Jay is a wanted man, as he’s been a thief for the last few years. He travels around the solar system avoiding capture, but he’s content to stay put for the next few weeks and flirt with the cute waiter at the diner. Bryce has been flirting back and Jay is certain it won’t be long until he can truly make his move, but then Bryce will barely speak to him and Jay is determined to get the man’s attention once again.

Jay visits Bryce every chance he can get, but then the diner explodes and he and Bryce must escape kidnappers. Then, while making an escape on his ship, Jay doesn’t expect to be taken in by a spy agency, nor he does he expect the real reason Bryce stopped giving him attention. Jay is about to revisit his past so he can move forward with a future.

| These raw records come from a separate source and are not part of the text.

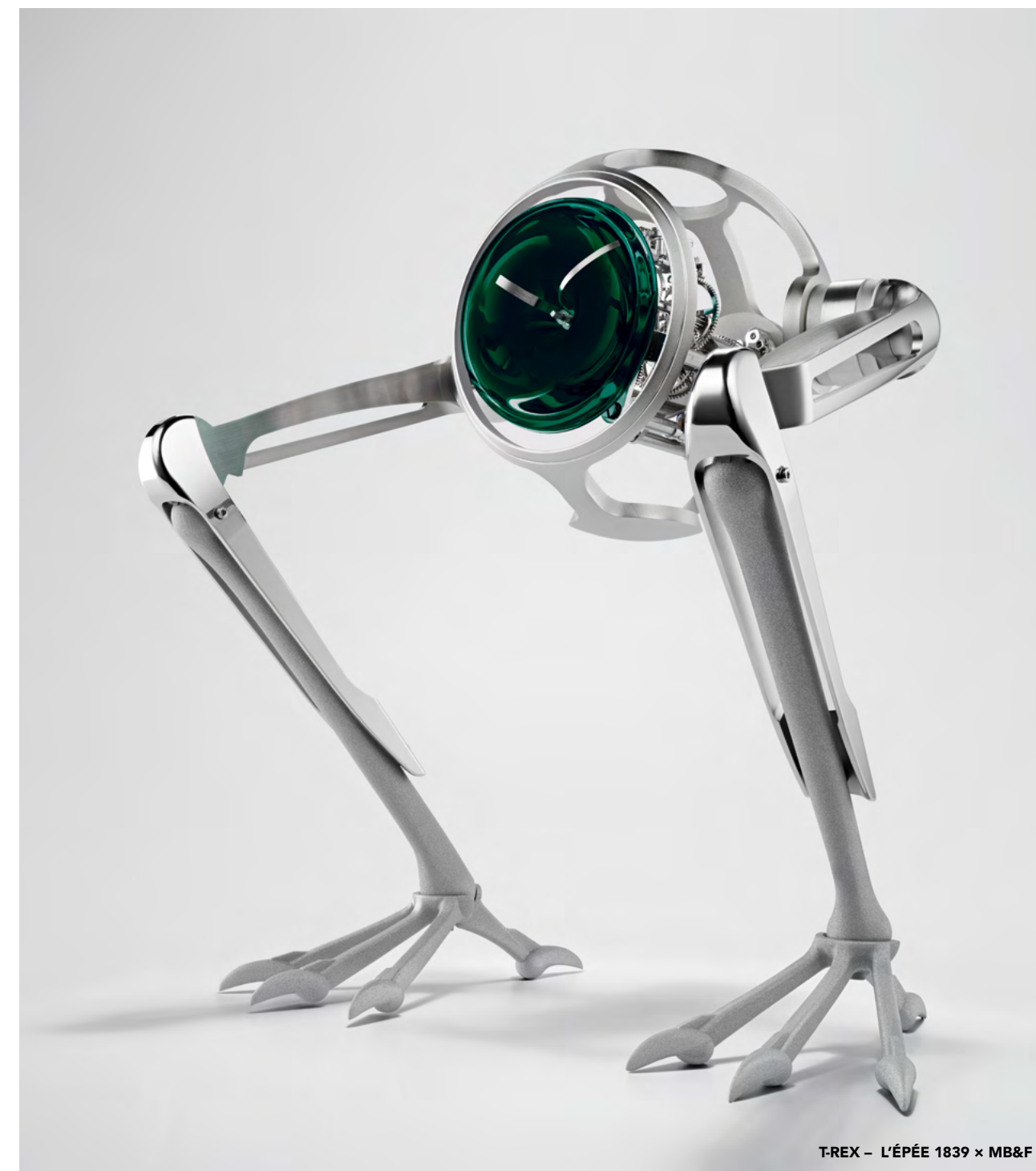
T-REX - L'ÉPÉE 1839 x MB&F
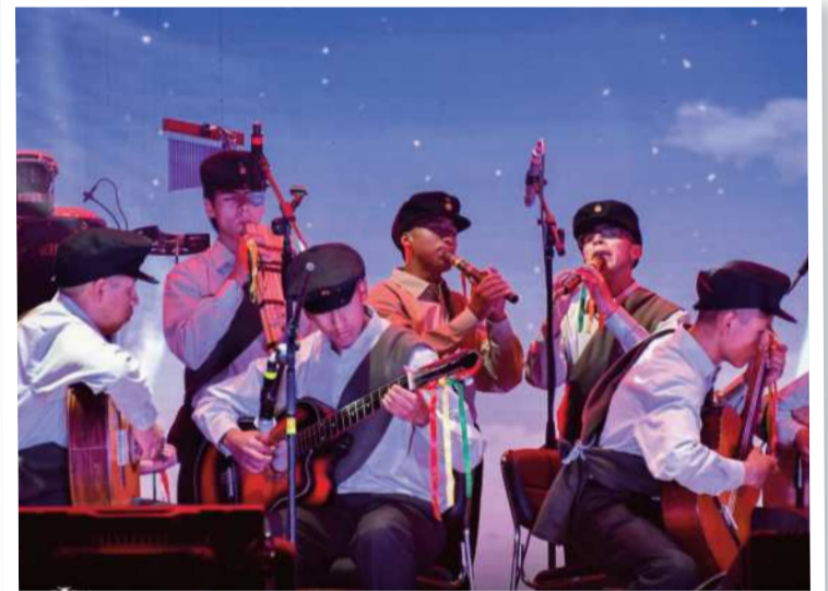
CONCURSO. Trece categorías están incluidas en el certamen.

no de Yuri Mijail y la Nueva Proyección que mostraron sus nuevas propuestas musicales.
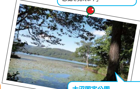
大沼国立公園 「夏の晴れた日の大沼は、湖面が輝いてとてもきれいです。ボートやカヌーで水面から見る景色は、岸から見るのとはまたひと味違います」
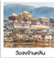
วัดซงจ้านหลิน

The beginning of Return to Duty seemed to set up an interesting story of galactic space travel and a thief named Jay. He’s a wanted man and he’s laying low on one of the moons and enjoying a flirtation with a waiter named Bryce. Bryce intrigues Jay from the start and he really wants to get to know the man better. But not everything is at seems.

The book then took a sharp turn for me and there were many things I found to be unclear. There is no world building in this book. We know that Jay is in space and names of fictious planets and moons are mentioned as if the names were common knowledge. Different groups of people are also introduced in the same manner and that also wasn’t clear. I really didn’t know if these people were supposed to be considered human or aliens or how this society even worked. Jay and Bryce then witness a kidnapping and they know the man that is kidnapped, and they are supposed to be afraid of the kidnapped man and his family, and of the kidnappers as well, but it really wasn’t clear why.

Jay and Bryce are then in the middle of a mission to save the kidnapped man. We learn about Jay and about Bryce and a deal is struck while the men are battling the attraction we are told they have to each other. The attraction was more evident in the beginning before they got together, but there wasn’t much of a spark to be felt between them as the story progressed.

The mission then seemed oversimplified as the men take down the kidnappers and figure out a relationship between the two of them, while dissecting Jay’s past traumas. This is a shorter novel and the sci-fi world was not built out here enough for me, the mission was too basic, and the relationship lacked chemistry. This is not a sci-fi book that I can easily recommend.